I'm digging my way through my second early spuds, Maris Piper. The yield for these has been at least 2 or 3 times that of the Pentland Javelin, but they are prone to scab. Scab is unsightly but doesn't affect the eating quality of the potato once you've peeled them, so while it's a bit of a nuisance, scab's not really that much of a problem.

We've started eating the sweetcorn and it's fantastic! I've got 18 plants and they've all grown beautiful large cobs which we're currently eating for lunch! They're a variety called 'Applause' and they've been really successful.

Oh, hey, look, the sun's just come out - I think I'm going to have to sign off now and shoot out to do some digging, while I can.....

Wednesday, 20 August 2008

Faster, Higher, Stronger....

It's been almost a month since I last updated the blog which is, perhaps, a little remiss of me, and for which I humbly beg your forgiveness. In my defence, the weather at the end of July deteriorated so I didn't go to the allotment all that much plus the last couple of weeks I've been glued to the telly watching the Olympics. And when I did go to the plopment I seemed to do nothing more than pick French Beans, which I thought was very boring to write about. The running total is - get this - 38.5 pounds of beans. I'm getting sick of them, as are my family, friends, neighbours and complete strangers in the street. In fact anyone who comes anywhere near me will be asked if they want some beans. My freezer is full of them, as is my fridge. There are carrier bags of them sitting on my garage floor.

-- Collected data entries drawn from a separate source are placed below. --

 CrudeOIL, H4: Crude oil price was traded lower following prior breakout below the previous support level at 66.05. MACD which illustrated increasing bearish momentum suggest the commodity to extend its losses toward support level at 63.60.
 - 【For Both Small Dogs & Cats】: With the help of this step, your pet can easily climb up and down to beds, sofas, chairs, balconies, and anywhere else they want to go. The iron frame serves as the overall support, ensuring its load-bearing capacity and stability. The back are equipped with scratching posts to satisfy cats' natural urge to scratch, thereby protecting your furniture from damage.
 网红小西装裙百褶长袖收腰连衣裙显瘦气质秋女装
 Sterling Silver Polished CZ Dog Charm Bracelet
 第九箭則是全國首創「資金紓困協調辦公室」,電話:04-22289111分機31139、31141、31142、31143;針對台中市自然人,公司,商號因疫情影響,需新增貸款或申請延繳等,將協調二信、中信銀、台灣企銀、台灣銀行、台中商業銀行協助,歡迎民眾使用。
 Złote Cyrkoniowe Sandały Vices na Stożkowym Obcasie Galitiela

This is all the more astonishing when you see just how battered and weedy the plants are looking now, but they're still damn well producing! Having said that, though, I think production is tailing off now and hopefully will be finished in a few weeks. It said on the seed packet that Cobra French Beans are a prolific cropper and they're not wrong! I've had getting on for 40 pounds of beans from about 40 plants (planting 2 or 3 to a cane). Whether I plant as many next year remains to be seen. One thing I will change, however, is the shape of the cane structure. The way it is now is traditional but I hadn't realised just how windy it gets at the plopment, and the structure's come apart on more than one occasion. Next year I think I'll put the canes in a more robust teepee-shaped construction which also means I can dot them about the place as well.

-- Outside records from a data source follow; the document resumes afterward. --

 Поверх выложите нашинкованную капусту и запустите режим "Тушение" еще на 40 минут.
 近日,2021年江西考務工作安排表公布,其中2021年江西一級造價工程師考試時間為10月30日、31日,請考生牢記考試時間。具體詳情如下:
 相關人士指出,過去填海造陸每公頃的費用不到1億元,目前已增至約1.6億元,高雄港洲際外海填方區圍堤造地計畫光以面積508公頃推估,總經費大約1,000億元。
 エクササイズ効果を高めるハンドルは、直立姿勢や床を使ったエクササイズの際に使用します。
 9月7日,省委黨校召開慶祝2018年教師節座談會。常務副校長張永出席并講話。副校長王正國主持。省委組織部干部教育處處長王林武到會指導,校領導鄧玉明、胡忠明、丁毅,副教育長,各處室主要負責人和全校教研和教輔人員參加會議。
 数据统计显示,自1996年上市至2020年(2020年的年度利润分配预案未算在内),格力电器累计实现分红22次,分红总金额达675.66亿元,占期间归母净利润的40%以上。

All my onions are now out of the ground. Our site secretary recently sent a warning round that the top of the of the allotment site had been hit by Downy Mildew which affects onions. I'm at the bottom end of the site and actually don't know if it affected my onions or not. The leaves were going yellow and falling over, but that's what they do anyway when it's time to harvest them. There's all sorts of ways of harvesting onions including doing stuff like bending over the tops and leaving them in the ground prior to digging them up (not sure what this is supposed to do), or easing them out of the ground with a fork but not pulling them up altogether, and leaving them there for a couple of weeks (I think this is supposed to start the 'stop growing' process). I know you have to let them dry for at least a couple of weeks before you can store them (otherwise you run the risk of them rotting in storage).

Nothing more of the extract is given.